I have just discovered that I never wrote a proper review of Ross' "The Rest is Noise", although I alluded to the book's profound affect on me in posts like these from two years ago.

"The Rest Is Noise" was an instant classic upon release, you can easily find breathless praise for it in various corners of the internet, and somehow it took me ten years to get around to reading it.  This book was as close to a Pied Piper moment in music literature that I'm likely to experience in my lifetime.  

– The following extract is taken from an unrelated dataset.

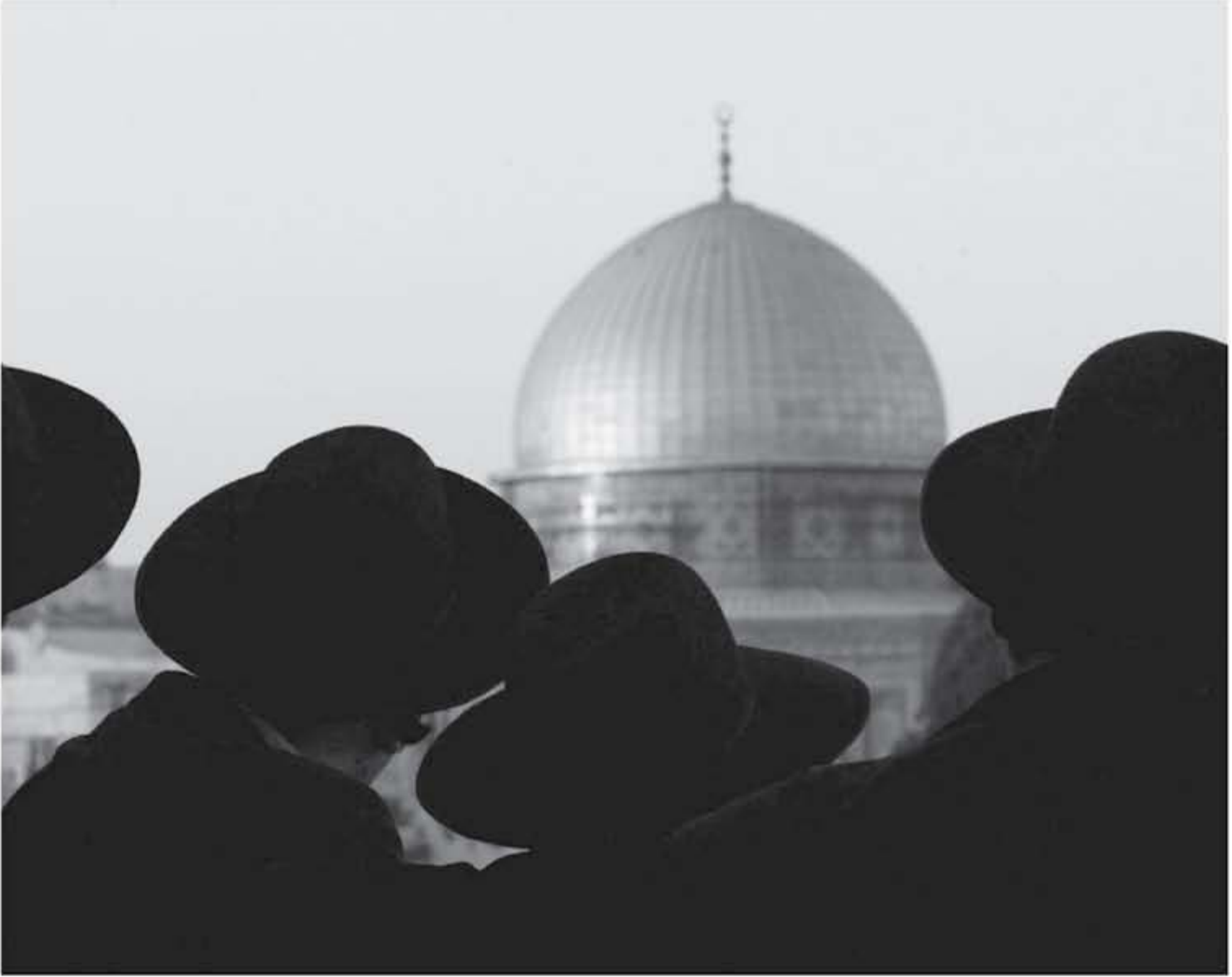
الولايات المتحدة بتقديم بعض المقترحات الجادة أو طرح مقترحات جديدة بأنفسهم

تقرير المؤتمر. إن سطوة القوي الصهيوني في واشنطن والقدرة على جعل القرار الأمريكي رهينة في يده أمر واقعي، وعندما ينظر إليه من هذا المنظور فإن ما فعله ترامب في ٦ ديسمبر لم يكن معيارا لتمام. وما كان لشهد برمنه ليكون أكثر سخافة لو أعلن ترامب أيضا التي تحولت من كونها الدولة الأقوى على وجه الأرض إلى قزم يركب على عاتق أسود، لا يمكن أن يكون قرارها إلا نظرية المؤامرة. أزمة عميقة تكمن مشكلة إسرائيل في أنها غارقة في كثير من القضايا والأزمات في الشرق الأوسط، بيد أن مشكلة الولايات المتحدة في الوقت الراهن تكفي على مشكلة إسرائيل، نحن نرأى أزمة عميقة في المنطقة، نشكها سلسلة من الاحتمالات التي تشكلت كشكل شكل تلك العلاقة الأمريكية والهجمات الإسرائيلية على مدى عقود. إن الاحتلال الإسرائيلي والهجمات المتعمدة الإسرائيلية وإن كان على غزة ولبنان والاحتلال الأمريكي لأفغانستان والعراق كانت المصادر الأساسية للأزمات المتعلقة على مدى العقود الماضية الماضية. ولذلك فإن إعلان ترامب عن القدس لا يختلف عن خطوات التدخل في الدول الأخرى التي اتخذتها الإدارات الأمريكية السابقة والتي لا تستند إلى استراتيجية متناغمة صولوا بالإجماع (٩٠ إلى صفر) في السبعينات الثمينة و التخطيط الشامل لقرن من الزمن. ولذلك يجب النظر في قرار ترامب جنيا إلى جنب مع القانون الذي أقره الكونغرس الأمريكي خلال رئاسة بيل كلينتون في ١٩٩٥ ونقل السفارة الأمريكية من تل أبيب إلى القدس. ومن ثم فإن الصعب أن يختلف مع الرأي الفائل بأن السياسة الأمريكية لا يوجد أي تحدي للولايات المتحدة في الشرق الأوسط، حيث أن إسرائيل التي تلعب دورا محوريا في الشرق الأوسط، وهي مصدر قلق كبير في الشرق الأوسط، ولكن على خلفية من الشرق الأوسط، حيث إن الشخص الوافي سوف

"Listen To This" is an enjoyable companion piece for those already enamored by Ross' writing.  Based mainly on long form pieces written mainly for the New Yorker over the years, Ross continues to make complex musical concepts accessible, all while focusing on the context behind the music and the personalities of those who made it.  The autobiographical first chapter, "Crossing the Border From Classical to Pop", provides the context behind the context.  The author grew up in a household steeped in classical music and nothing else.  He only became exposed to other genres of music (alternative, punk) during his college years, before drifting back to his first, true love once more as a writer for the New Yorker and other publications.  

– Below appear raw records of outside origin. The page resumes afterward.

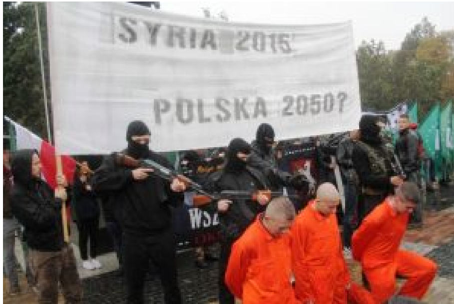
Anti-Migranten-Happening in Lublin, September 2015.

Wesentlich. Die meisten Polen spüren instinktiv, dass hier eine Utopie verwirklicht werden soll, die Multikulti-Gesellschaft.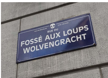
Straßenschild in Brüssel.

Selbstverständlich haben wir uns aber auch mit den Institutionen und Realitäten der Europäischen Union in Brüssel auseinandergesetzt. Hierbei konnten wir viel über konkurrierende Zuständigkeiten, Interessenskonflikte und viel-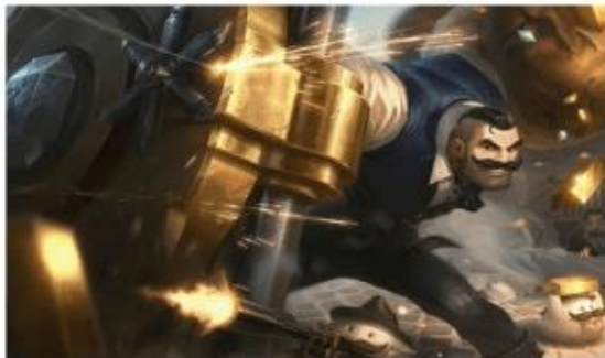
Wild Rift's Braum

Lalu kasus lain serupa dengan karakter Leona (LoL) dan Irithel (MLBB), keduanya memiliki tema dan warna yang mirip. Dengan gaya pakaian armor modern dengan aksesoris kuning dibagian dada dan helm yang memiliki telinga dengan desain seperti antena, kedua kostum ini terlihat serupa secara konsep.

I view the strengths of "The Rest Is Noise" through this lens.  The strongest chapters focus on explaining classical music and its culture to The Rest of Us.  "Inside the Marlboro Retreat" is a charming profile of this difficult to access breeding ground for America's finest young talent.  Part musical summer school, part rehearsal boot camp, Ross takes a deep dive into the environment that brings out the best in a performance artist.  Every page is packed with amusing anecdotes and wild personalities.  His essays/profiles of Schubert and Brahms closely examine the whys behind the development of their careers, while engaging in some mild psychoanalysis that illuminates more than criticizes.  

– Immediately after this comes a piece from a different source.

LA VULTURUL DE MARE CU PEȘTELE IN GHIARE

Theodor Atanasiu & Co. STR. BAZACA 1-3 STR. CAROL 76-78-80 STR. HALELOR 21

His profiles of contemporary non-classical artists were less successful.  Only in the Bjork profile did I feel that I learned something profound about the artist and their passion for pursuing musical inspiration.  Other profiles (Dylan, Radiohead, and "The Edges of Pop") come off as an outsider's view, importing musical descriptors from the classical world into the pop and rock worlds in an attempt to intellectualize the appreciation of their art.  On a somewhat unrelated note, I found it amusing how Ross interviews Dylan-ologists who analyze the minutiae in his lyrics and name drop academics who had nominated Dylan for a Nobel Prize.  The article was written in the late 90's, and the tone of the piece good naturedly plays along with these absurd proclamations.  All in good fun ... until, of course, Dylan really did win the Nobel Prize twenty years later.  

Ross is at his best as a historian, describing the evolution of a concept or style.  Equally well, he can take a seemingly well-known subject (like Brahms) and take the reader back to another, describing the real time trials and predicaments of the hero composer much like an epic balladeer would.  But sometimes the long form article comes off as merely that -- long.